The economy of Eritrea has experienced considerable growth in recent years, indicated by an improvement in gross domestic product in 2012 of 7.5% over 2011, and has a total of $8.090 billion as of 2020. However, worker remittances from abroad are estimated to account for 32 percent of gross domestic product. Eritrea has an extensive amount of resources such as copper, gold, granite, marble, and potash. The Eritrean economy has undergone extreme changes due to the War of Independence.

In 2011, Eritrea's GDP grew by 8.7 percent making it one of the fastest growing economies in the world.

Economic history
Eritrea's recent growth performance has been marked by significant volatility in part due to its dependence on a predominantly rain-fed agriculture sector, accounting for about one-third of the economy and which has a significant impact on distribution services which account for around 20% of gross domestic product (GDP), and on a narrow mining sector which also accounts for 20% of the economy. Real GDP growth is estimated to have recovered to around 12% in 2018, while averaging -2.7% during 2015–18 on account of frequent droughts and a decline in mining production.

Reported inflation has been negative during 2016–18, following the exchange of currency in circulation in November 2015 that resulted in a monetary contraction.
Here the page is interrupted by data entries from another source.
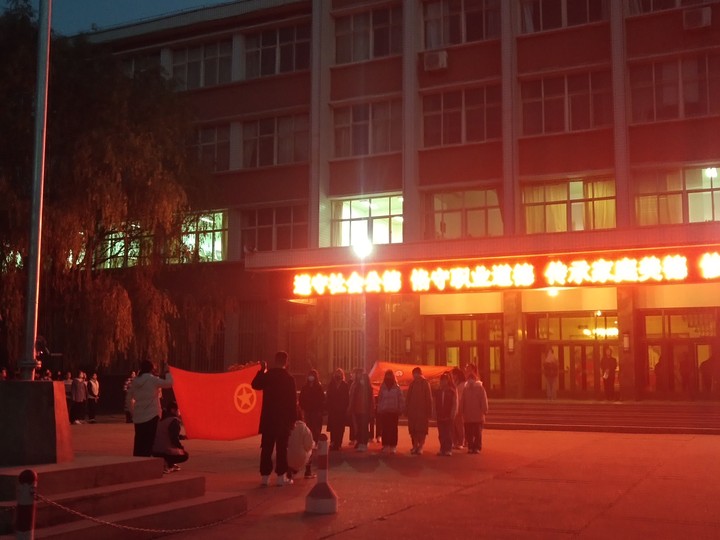 为贯彻落实习近平新时代中国特色社会主义思想,大力培育和践行社会主义核心价值观,扎实推动文明校园创建工作。2020年10月19日我学院全体师生在行政楼前举行升旗仪式暨关于关于习近平总书记致全国青联十三届全委会和全国学联二十七大贺信的学习活动。我院团员青年代表孙盼同学以“激情奋斗中绽放青春光芒”为主题倡议我院全体青年团员要不忘初心,牢记使命,锐意进取,不负韶华,把个人梦想融入时代潮流,让青春意识照亮奋进之路。活动最后凯翔老师带领团员重温入团誓词,共唱团歌。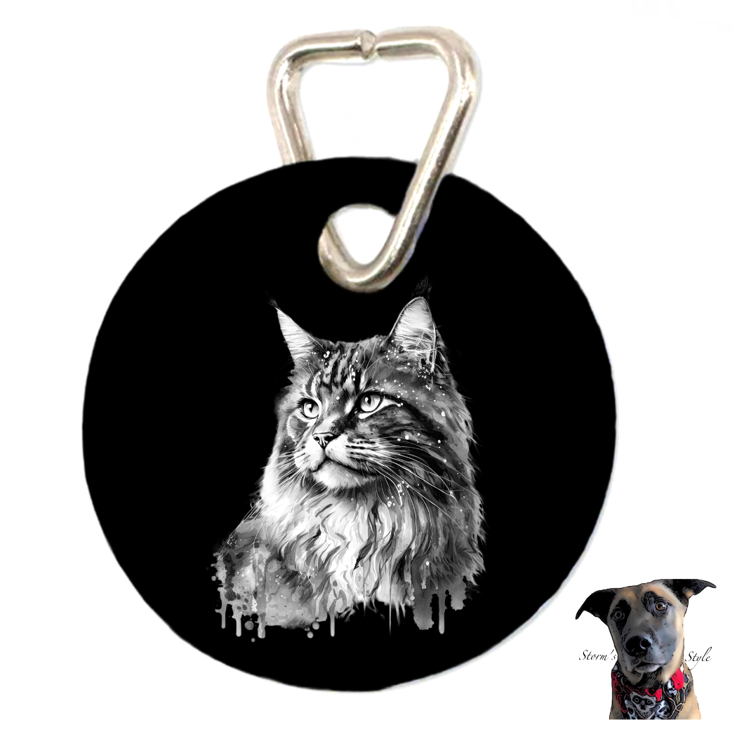 1.25" round Metal Pet tag. Sassy and Fun! Triangle clasp included. They come packaged in a resealable cello bag to keep them protected!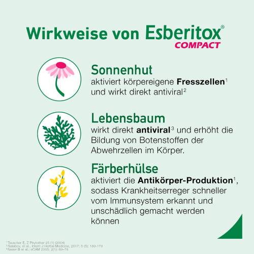 Denn: Esberitox COMPACT enthält den sogenannten Immun-Aktivkomplex von Esberitox in besonders hochkonzentrierter Form.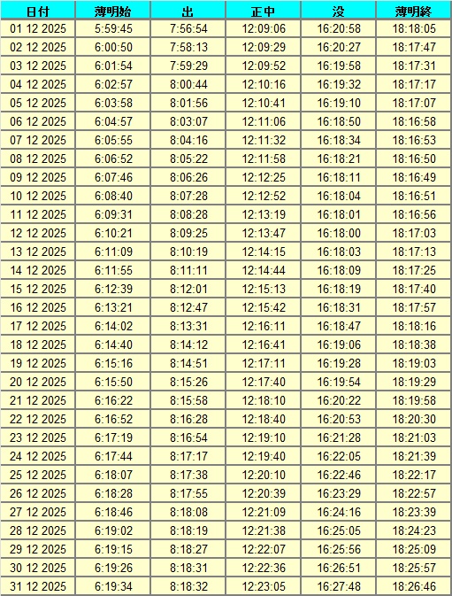 日出、日没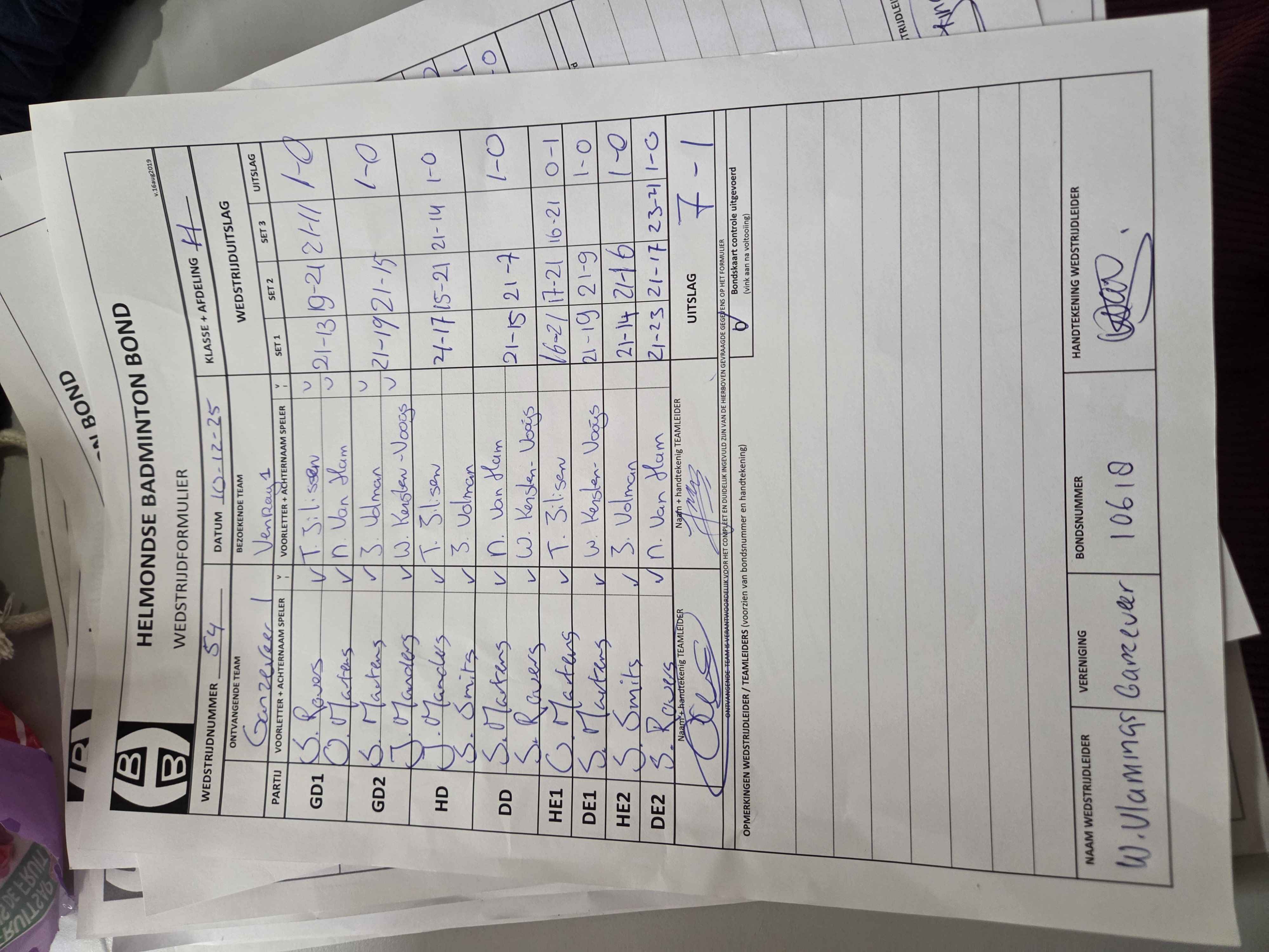 | 54 | wo. 10-12-2025 | Ganzeveer 1 | - | Venray 1 | 15 | - | |||
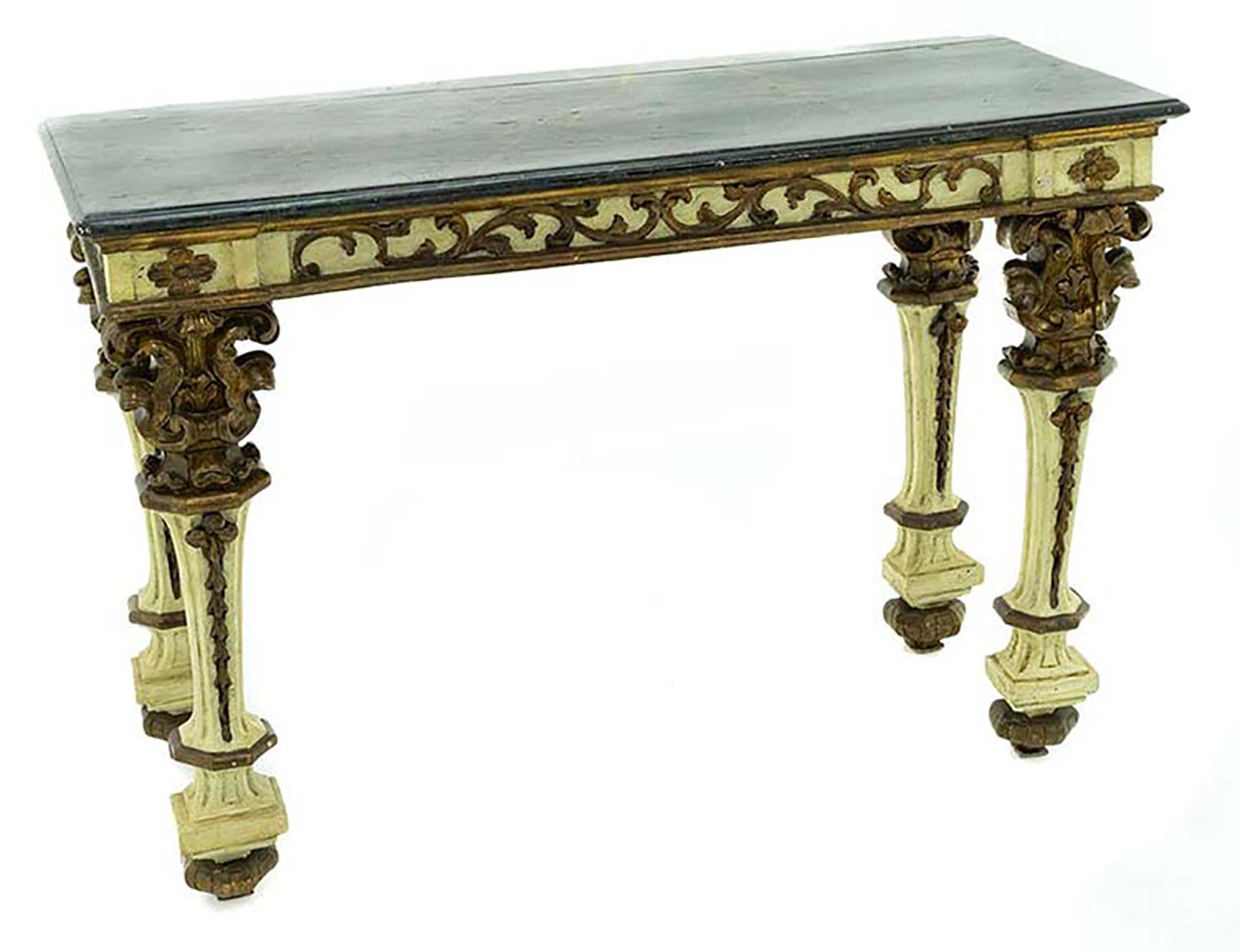 Consolle romana laccata e dorata, piano in finto marmo, XVIII Secolo. Cm 87X120X20. Restauri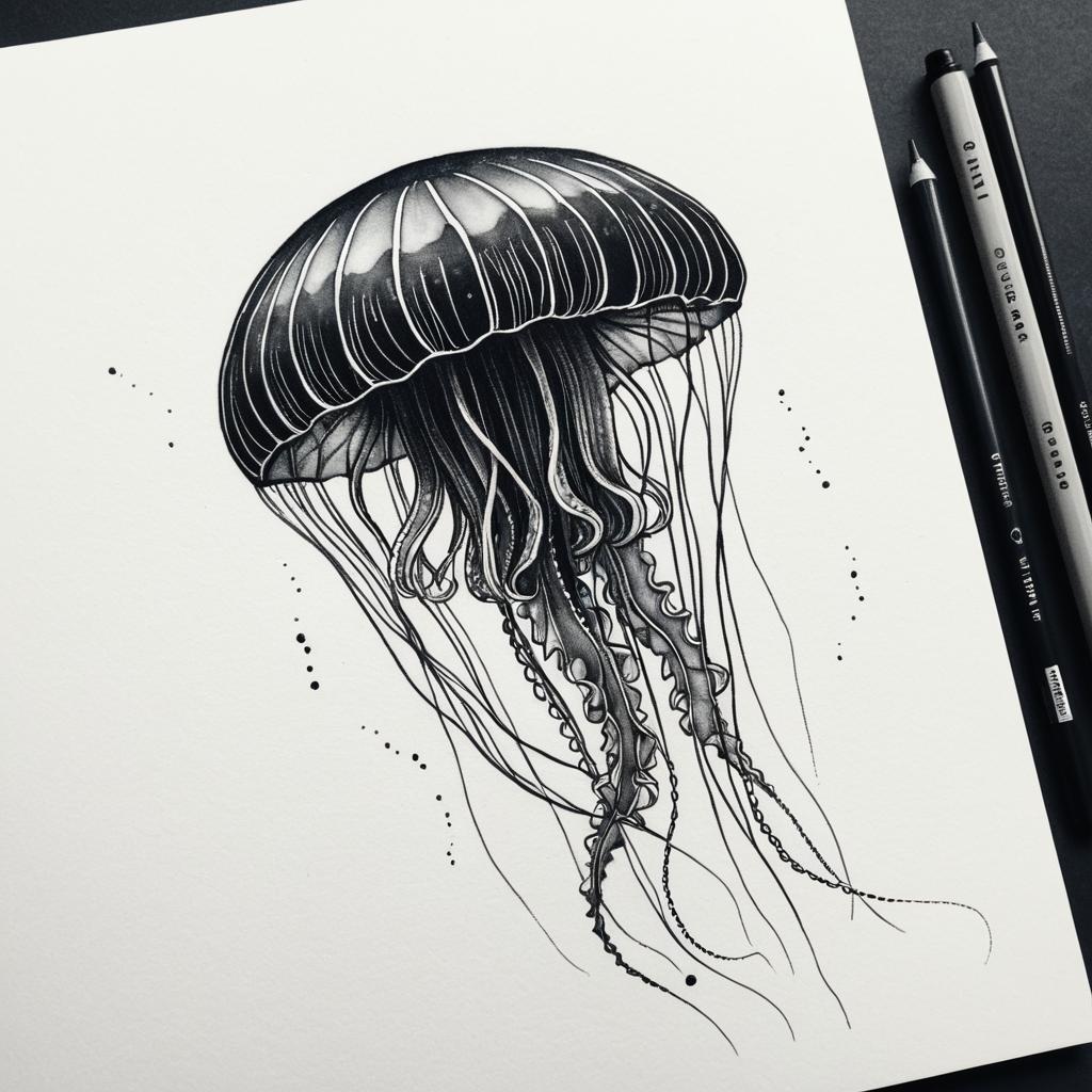 Detailed black and white tattoo design sketch of an elegant jellyfish with intricate tentacles. The drawing is minimalist and vintage in style, capturing a deep ocean abyss aesthetic. Rendered on white paper with pencils and pens visible alongside the artwork.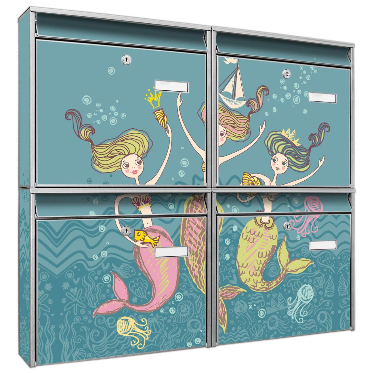 FUNKTION: Die Burg-Wächter Briefkastenanlage mit Motiv Nixen bietet Ihnen ausreichend Fassungsvermögen um auch A4 und C4 Sendungen zu empfangen. Das integrierte Namensschild lässt sich individuell beschriften. Wählen Sie aus den Grundfarben weiß, silber und schwarz. DESIGN: Die 4 Briefkästen haben ein ansprechendes und zeitloses Design, ohne dabei auf Funktionalität zu verzichten. Das Material ist sehr stabil, wetterfest und rostfrei. Durch das Motiv Nixen werden die Postkästen zu einem Blickfang. DETAILS: Die Postkästen bestehen aus verzinktem Stahl der zusätzlich mit Klarlack versiegelt wurde. Die Kästen sind gesamt 64,5cm hoch, 72,5cm breit und 10cm tief. Das Motiv besteht aus einer wetter- und UV-festen Folie, die Ihren Briefkasten zusätzlich vor Kratzern schützt. Die Postkästen werden mit Montagematerial, je einem Namensschild und je zwei Schlüsseln geliefert. NUTZEN: Das Briefkastenset eignet sich für die Wandmontage, die Größe bietet genügend Platz für Sendungen aller Art. Das zeitlose Design sowie die stabile Bauart bieten Ihnen einen treuen Begleiter für Ihre Post. BANJADO: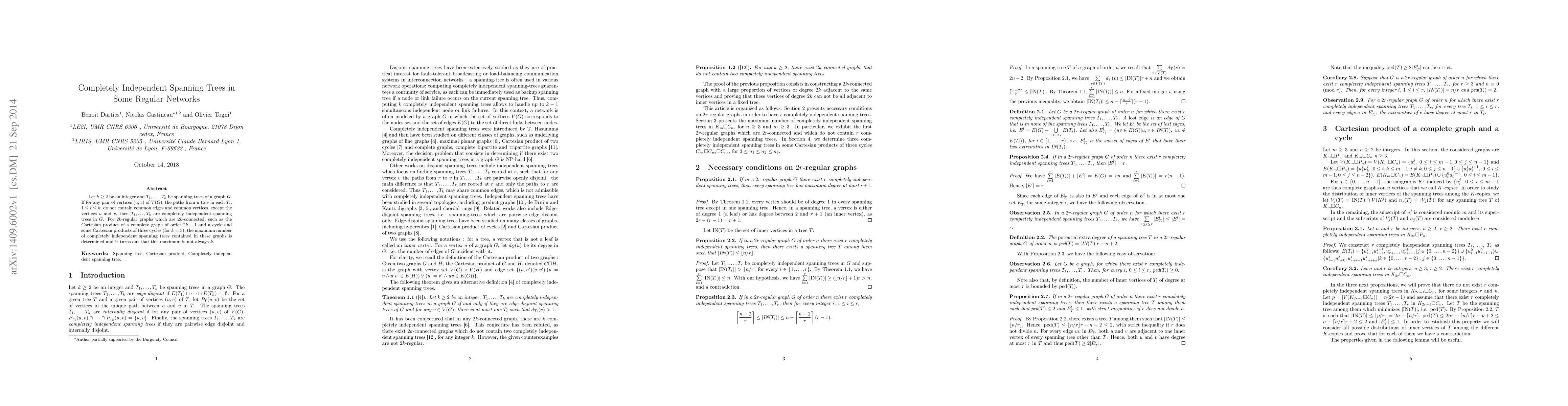 Let $k\ge 2$ be an integer and $T_1,\ldots, T_k$ be spanning trees of a graph $G$. If for any pair of vertices $(u,v)$ of $V(G)$, the paths from $u$ to $v$ in each $T_i$, $1\le i\le k$, do not contain common edges and common vertices, except the vertices $u$ and $v$, then $T_1,\ldots, T_k$ are completely independent spanning trees in $G$. For $2k$-regular graphs which are $2k$-connected, such as the Cartesian product of a complete graph of order $2k-1$ and a cycle and some Cartesian products of three cycles (for $k=3$), the maximum number of completely independent spanning trees contained in these graphs is determined and it turns out that this maximum is not always $k$.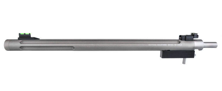 The Tactical Solutions X-Ring Takedown barrel has been designed as a highly accurate replacement barrel for your 10/22 Takedown. The barrel comes complete and includes a locking mechanism making installation quick and easy, with no gunsmithing required. This model has a gunmetal gray finish, 1/2″x28 threads and fiber optic sights.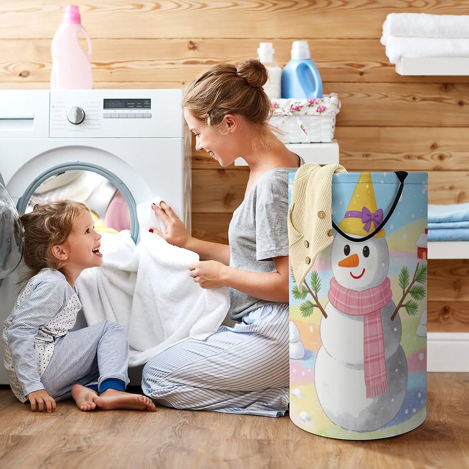 The pattern of the White Gray Snowman hamper is printed with exquisite patterns, which makes the product more attractive.Chic design allows it to be used in the living room to hold throw blanket, pillows, and reading materials, as well as in the bathroom for towels, or as a laundry hamper.The laundry hamper adopted collapsible design, equipped with handles. It is lightweight and portable for using, storing, and moving conveniently.White Gray Snowman Clothes hamper is suitable to store dirty clothes washing, place in the room to store toys, and other household goods, keep the house clean and tidy. Perfect laundry hamper for home, office, closet organizer, bedroom, bathroom, college dorm, etc.Gets out of your way when you need it to. This storage basket or laundry hamper is a good gift, which not only meets everyday storage needs but also carries deep care and love, a perfect way to turn thoughtfulness into warmth.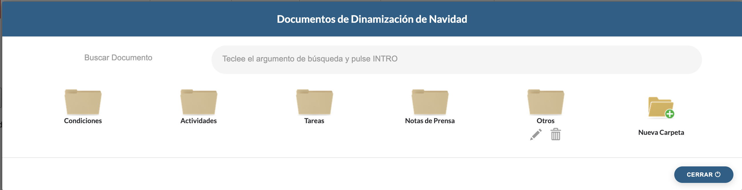 Participantes, Documentos, Tareas, Actividades, Gastos/Ingresos, ...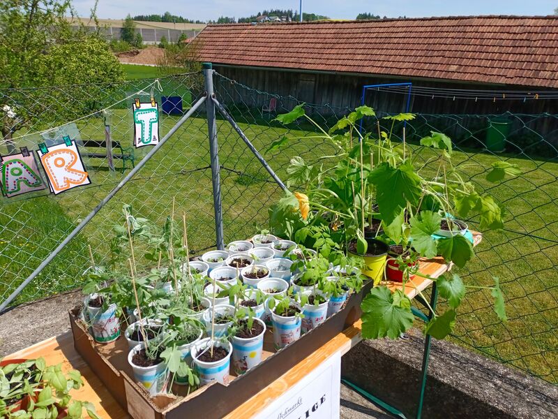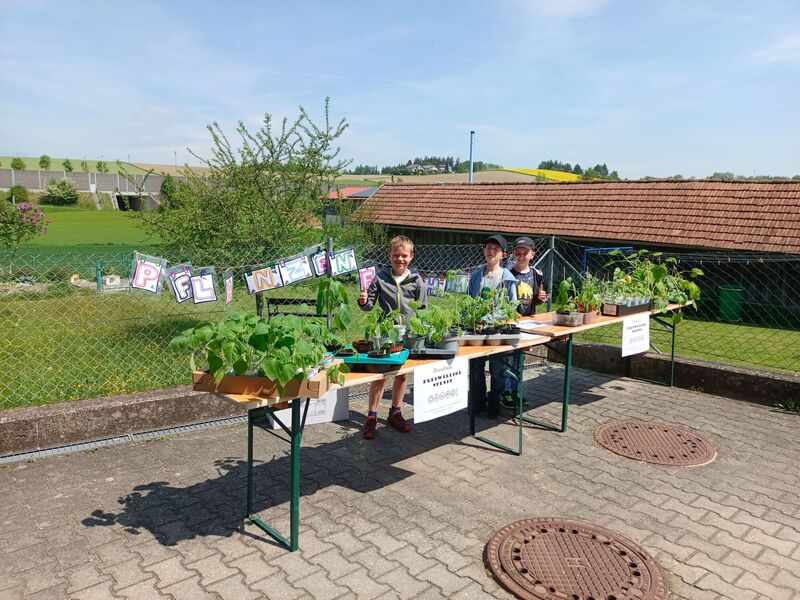 Gemeinsam mit den Kindern werden im Rahmen unseres Pflanzenflohmarktes Pflanzen aus Samen großgezogen, gepflegt und umgetopft. Die Kinder fördern durch das Großziehen und Pflegen von Pflanzen ihr Naturverständnis. Sie lernen verschiedene Pflanzenarten, ihren Nutzen und die wichtigste Pflege kennen. Für die Pflege der Pflanzen übernehmen die Kinder viel Verantwortung. Neben dem Zusammenhalt und dem Teamgeist wird durch die schulstufenübergreifende Arbeit auch der Gemeinschaftssinn innerhalb der Schule gefördert. Doch auch zur Gemeinschaft innerhalb der Gemeinde trägt unser Flohmarkt bei - denn nicht nur Eltern, Großeltern und Verwandte erwerben Pflänzchen, sondern auch der Kindergarten kauft Gemüsepflänzchen bei uns, um sie in ihre Hochbeete zu setzen.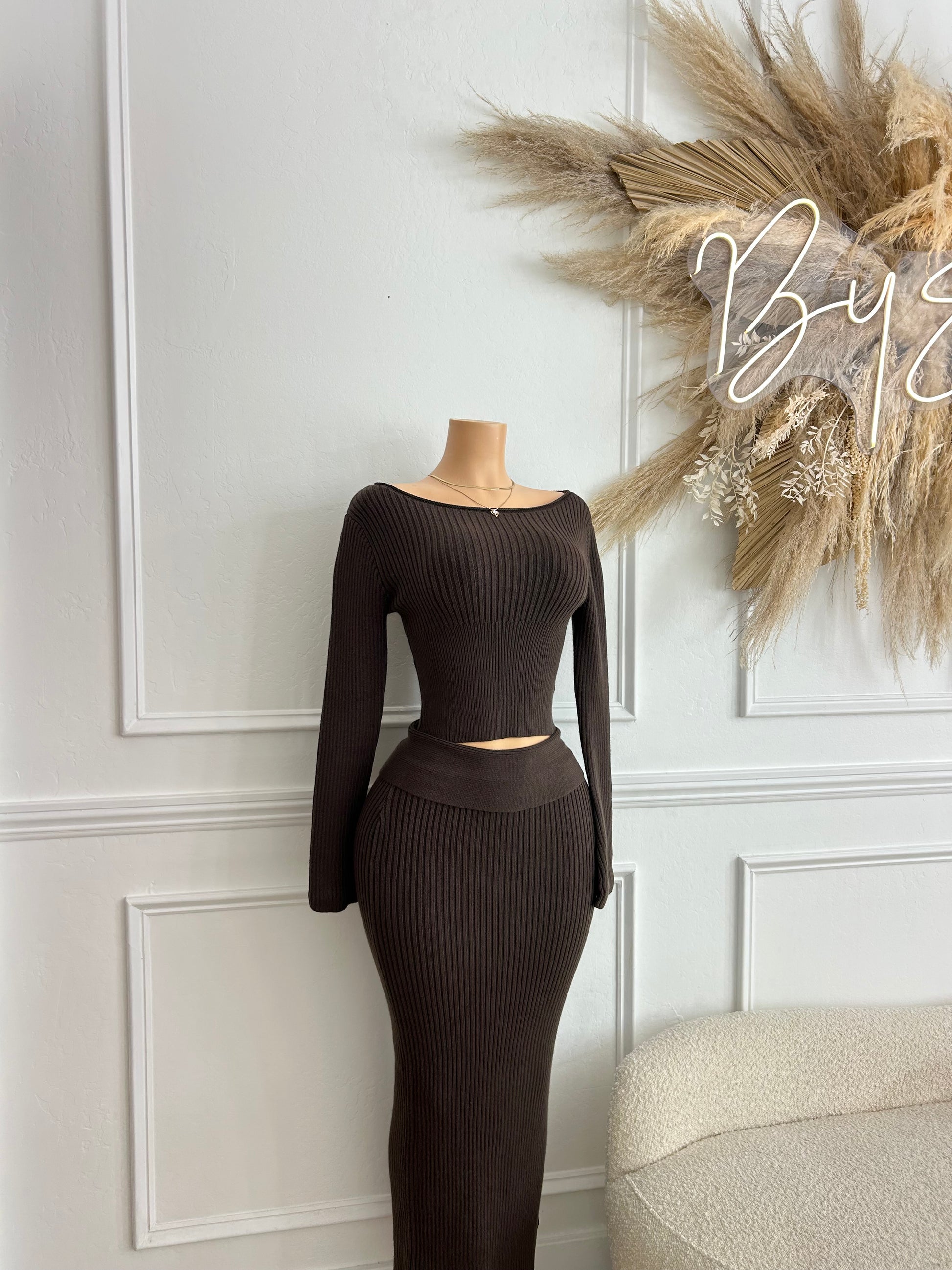 Brown ribbed two pc maxi skirt set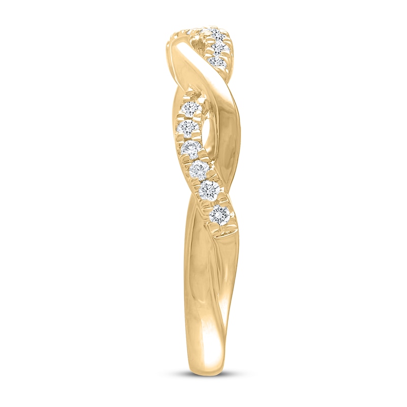 This gorgeous wedding band for her from THE LEO Diamond® collection features a beautiful twisted design, embellished with alternating 14K yellow gold and round diamonds. The ring has a total diamond weight of 1/5 carat and perfectly complements her matching Leo Diamond® engagement ring (sold separately).

Deflation continued in 2018 as increased trade with Ethiopia resulted in further put downward pressure on prices.

In recent years, Eritrea has significantly tightened fiscal policy to reverse the chronic deficits it suffered after the increase in regional insecurity in 1998. In 2018, the fiscal surplus widened to around 11% of GDP. This was largely achieved by a sharp drop in capital spending as well as some revenue measures. However, fiscal pressures, both recurrent and wage-related are likely to mount.

Short-term growth prospects remain challenging given fiscal constraints and limited opportunities under existing restrictions. The recovery in agriculture is expected to slow. The country remains in a difficult macroeconomic situation with an unsustainable debt burden (including arrears to the World Bank) and vulnerable financial and external sectors.

Gross domestic product (GDP)

Eritrea's GDP, estimated at $4.037 billion in 2011, is 8.7 percent above the GDP in 2010. The growth was due to increased agricultural output and the expansion of the mining industry along with increasing gold prices. Breakdowns of the Eritrean economy by sector are not readily available; however, according to some estimates, in 2011 services accounted for 55 percent of the GDP, industry for 34 percent, and agriculture for the remaining 11 percent. The growth of the GDP, however, is compromised by the ongoing and tensions with the country's borders.

Industries

Agriculture, Forestry, and Fishing

In 2004, agriculture employed nearly 80 percent of the population but accounted for only 12.4 percent of gross domestic product (GDP) in Eritrea. The agricultural sector has improved with the use of modern farming equipment and techniques, and dams. Nevertheless, it is compromised by a lack of financial services and investment. Major agricultural products are sorghum, barley, beans, dairy products, lentils, meat, millet, leather, teff, and wheat. The displacement of 1 million Eritreans as a result of the war with Ethiopia, and the widespread presence of land mines all have played a role in the declining productivity of the agricultural sector. Currently, almost a quarter of the country's most productive land remains unoccupied because of the lingering effects of the 1998–2000 war with Ethiopia.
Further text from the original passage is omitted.